Figure 3. Bmi1-expressing stem cells are mobilized to compensate for the loss of Lgr5-expressing CBCs

(a) Rare Bmi1-expressing cells are detected at positions 3 to 6 of the crypt base in the duodenum of Bmi1^GFP/+ reporter mice. (b) Increased Bmi1-expressing cells appear at the crypt base upon ablation of Lgr5-expressing CBCs. (c) Higher magnification showing a Bmi1-expressing cell at position 4 of crypt base in Bmi1^GFP/+ reporter mice. (d) Close up view of a crypt with multiple Bmi1-expressing cells after ablation of Lgr5-expressing cells. (e) Dosing regimen for lineage tracing of Bmi1-expressing cell progeny after ablation of Lgr5-expressing CBCs. (f-g) Whole-mount X-GAL staining of the gastrointestinal tract. Proximal to distal gradient of decreasing progeny production by Bmi1-expressing cells is maintained after ablation of Lgr5-expressing CBCs. (h-i) Close up view of X-GAL positive crypts in duodenum. Most of the labeled crypts have less than five X-GAL positive cells in Bmi1CreER;R26R control animals. Ablation of Lgr5-expressing CBCs stimulates production of progeny by Bmi1-expressing cells. 36% of the crypts in the first 5 cm of duodenum now become fully labeled (marked by arrows).

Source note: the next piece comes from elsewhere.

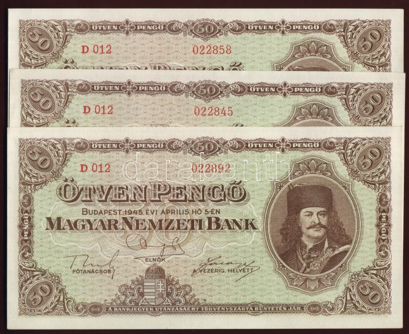 1945. 50P (3x) kevés ugrású sorszámokkal T:I https://www.darabanth.com/de/57-Fernauktion/57.0/Numismatik/~136/1945-50P-3x-keves-ugrasu-sorszamokkal-TI~II115479

Figure 4. Bmi1-expressing cells give rise to Lgr5-expressing CBCs under normal and injury conditions

(a-c) Bmi1CreER;R26R;Lgr5^DTR/+ animals were dosed with 5 mg TAM and harvested 24 hours later. β-gal-positive cell (red) derived from Bmi1-expressing cells overlap with Lgr5-expressing CBCs (GFP-positive, green) at position 4 (arrow). A non-overlapping β-gal-positive cell was detected at position 7 in the same crypt (asterisk). (d-f) More β-gal-positive cells (red) display overlapping expression (marked by arrow) with Lgr5-expressing CBCs (GFP⁺, green) at 48 hours. (g-i) At 72 hours, clonal expansion from Bmi1-positive stem cells is now evident by a streak of β-gal positive cells migrating upward (red). β-gal-positive clones at lower crypt positions overlap with Lgr5-expressing CBCs (arrow). (j-k) Distribution of the Bmi1 positive stem cell progeny (β-gal⁺ cells) within the crypt at 24 and 48 hours post TAM induction. Bmi1-expressing cells appear as singles throughout the crypt base between positions 1 to 15 (j). More cells are derived from Bmi1-expressing stem cells at 48 hours (k). A significant portion of βgal⁺ cells also express Lgr5 (GFP⁺, green column), at positions 1 to 6. Overlapping cells (green) peak around positions 3, 4, or 5. (l) Dosing regimen used to study the recovery of Lgr5-expressing CBCs from Bmi1-positive cells. (m-o) Bmi1-positive cells give rise to a fully labeled crypt (red), including newly formed Lgr5-expressing CBCs (GFP positive, arrows).